Still not clear with "creates a temporary which is freed while still in use"

Let's assume we have simple recursive structure in Rust with explicitly defined lifetime:

struct SimpleNode<'a> {
  value: bool,
  next: Option<&'a SimpleNode<'a>>
}

Then we provide simple implementation:

impl SimpleNode<'_> {
  fn set<'a>(&mut self) {
    self.next = Some(&SimpleNode {
      value: false,
      next: None
    })
  }
}

So far such code working and compiling.
The next step we slightly improve our set function:

fn set<'a>(&mut self, val: bool) {
  self.next = Some(&SimpleNode {
    value: val,
    next: None
  })
}

now we having issue.

creates a temporary which is freed while still in use

Also if we change out set function implementation to this:

fn set<'a>(&mut self, val: bool) {
    self.value = val
}

The code will compile and work.

Primitive types implemented Copy trait. It has new lifetime every time we assign to new variable. Why and how it can be freed? I feel totally lost.

You are creating a temporary reference in the function &SimpleNode{...} which is freed once you leave the function. Instead, you should receive an external &SimpleNode and set it. This way the lifetime of val's reference will live at least as long as &self.

impl<'a, 'b: 'a> SimpleNode<'a> {
    fn set(&mut self, val: &'b SimpleNode) {
        self.next = Some(val);
    }
}

Note: If you're trying to create a linked list, I would suggest reading this: Introduction - Learning Rust With Entirely Too Many Linked Lists

Ouch, what is that syntax? I don't recall coming across that anywhere.

How is it different from:

struct SimpleNode<'a> {
  value: bool,
  next: Option<&'a SimpleNode<'a>>
}

impl<'a> SimpleNode<'a> {
    fn set(&mut self, val: &'a SimpleNode) {
        self.next = Some(val);
    }
}

Lifetime Subtyping. Advanced Lifetimes - The Rust Programming Language

It's needed in order to express that something must outlive something else, but that they don't have the same lifetime.

Ah, got it. Thank you.

That is in chapter 19 Advanced Features. Along with "unsafe" and "macros" both areas where I have dared not to tread so far...

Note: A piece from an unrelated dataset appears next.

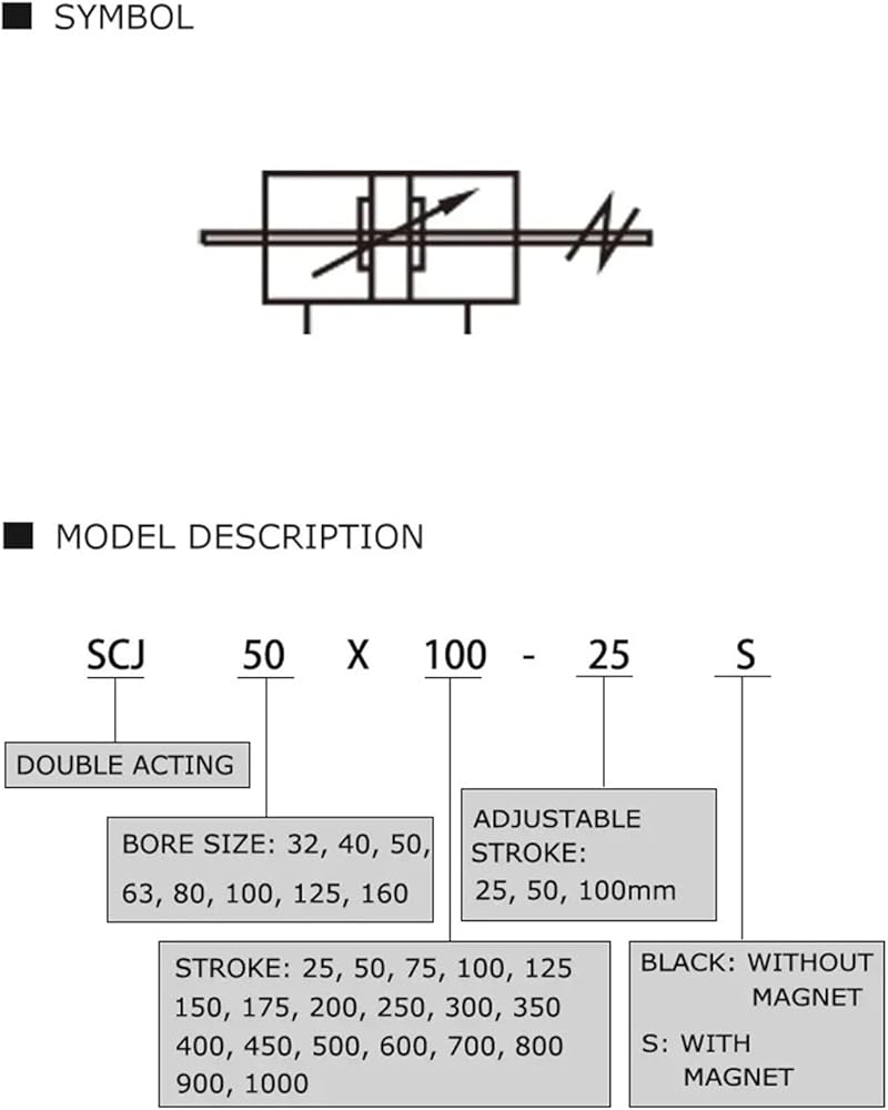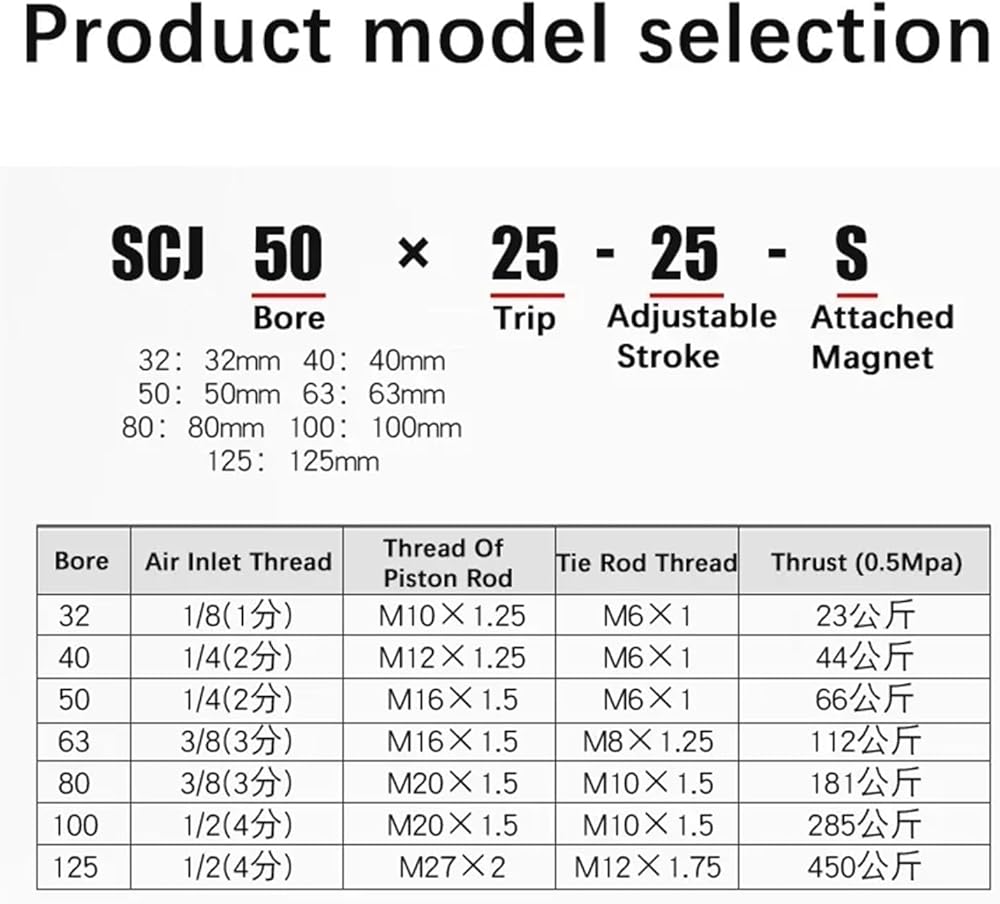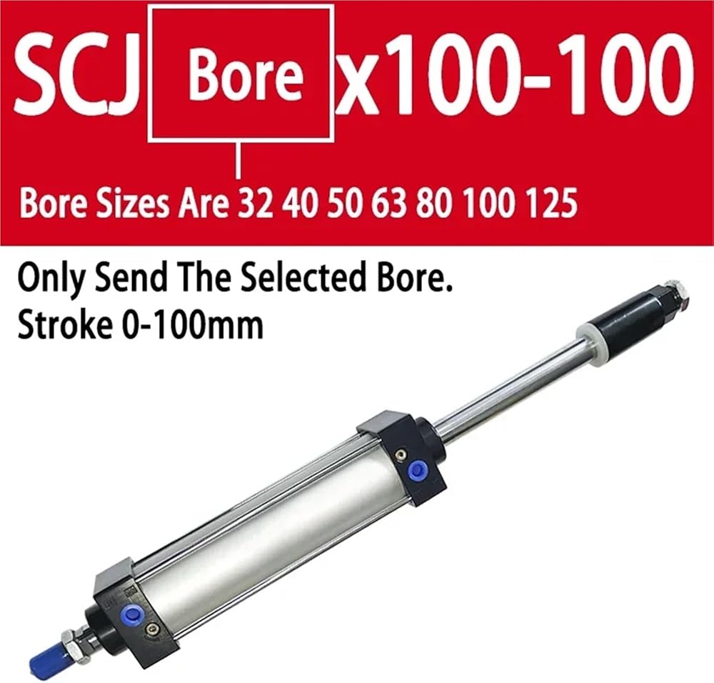 SCJ32 40 50 63 80 100 125mm Bore Adjustable Stroke Aluminum Alloy Double Acting Piston Tools Standard Air Pneumatic Cylinder(Stroke 100-100mm,Bore 32mm)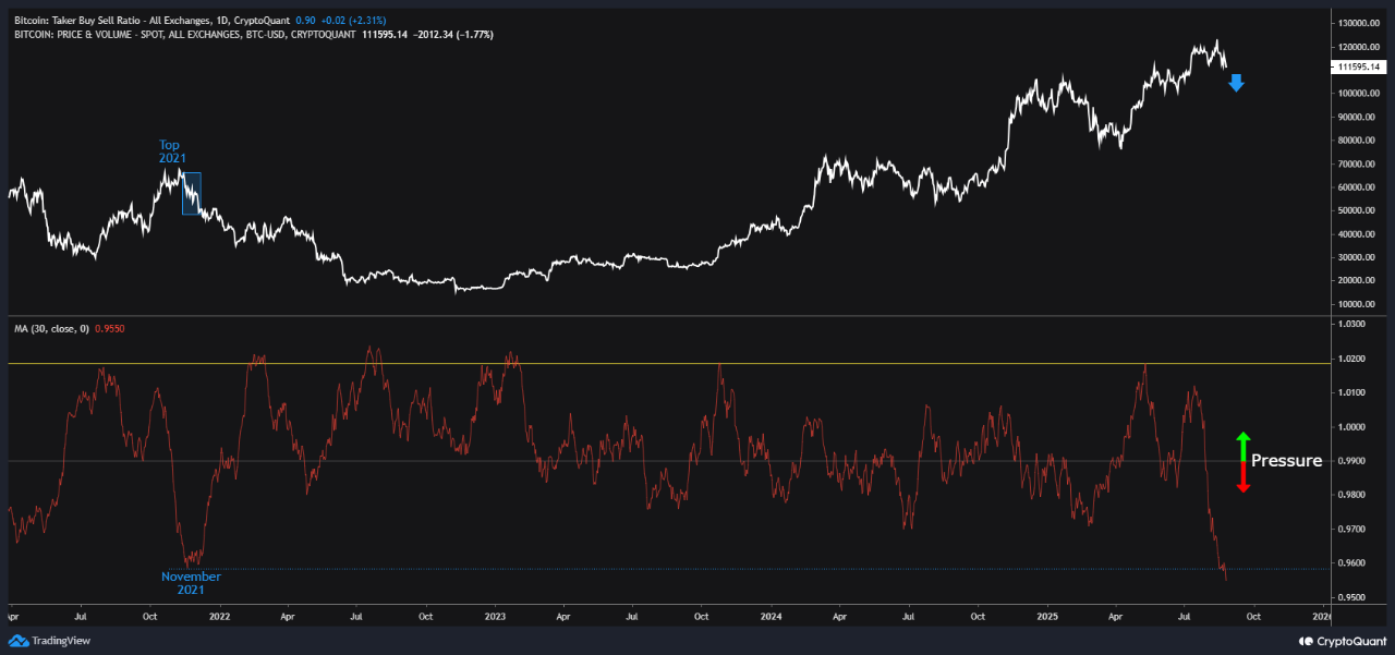 Indikator Taker Buy Sell Ratio Bitcoin mencatatkan nilai terendahnya sejak November 2021, tepat setelah harga Bitcoin kembali mencetak rekor tertinggi sepanjang masa.

Then if this is the case why this code doesn't give any issue?

fn set<'a>(&mut self) {
    self.next = Some(&SimpleNode {
      value: true,
      next: None
    })
  }

We are also creating a temporary reference &SimpleNode{...} here, but code compile and run...

That is because the node is a compile time constant, so it's a reference into the compiled executable with a static lifetime. It's the same deal as string literals.

LukeTPeterson has me worried now.

The implications of that lifetime subtyping thing is that as a "not advanced" user I could write a ton of code with all kind of structs perhaps all kind of relations between them. Everything might compile just fine. Then when I come to use it things fail in incomprehensible ways because I have used the wrong life time ticks.

This is the situation described in chapter 19.

Then I have to become a "advanced user" and read chapter 19 to find out how to fix my code.

That rather means there is no escape, one has to read and understand everything in the book from the get go. You have to start out advanced!

The lifetime subtyping is not necessary. A &'b T will automatically convert to a &'a T if 'a is smaller than 'b. In fact, that's what happens inside the body of their set. It would be just as valid (and imo more idiomatic) to use

impl<'a> SimpleNode<'a> {
    fn set(&mut self, val: &'a SimpleNode) {
        self.next = Some(val);
    }
}

and let the shortening of the lifetime happen at the call site. I don't think it is necessary to know about except in very rare cases such as &mut T<'a> with a lifetime tick on the type behind the mutable reference (i.e. not the lifetime on the reference itself), as you can otherwise just shorten the lifetime.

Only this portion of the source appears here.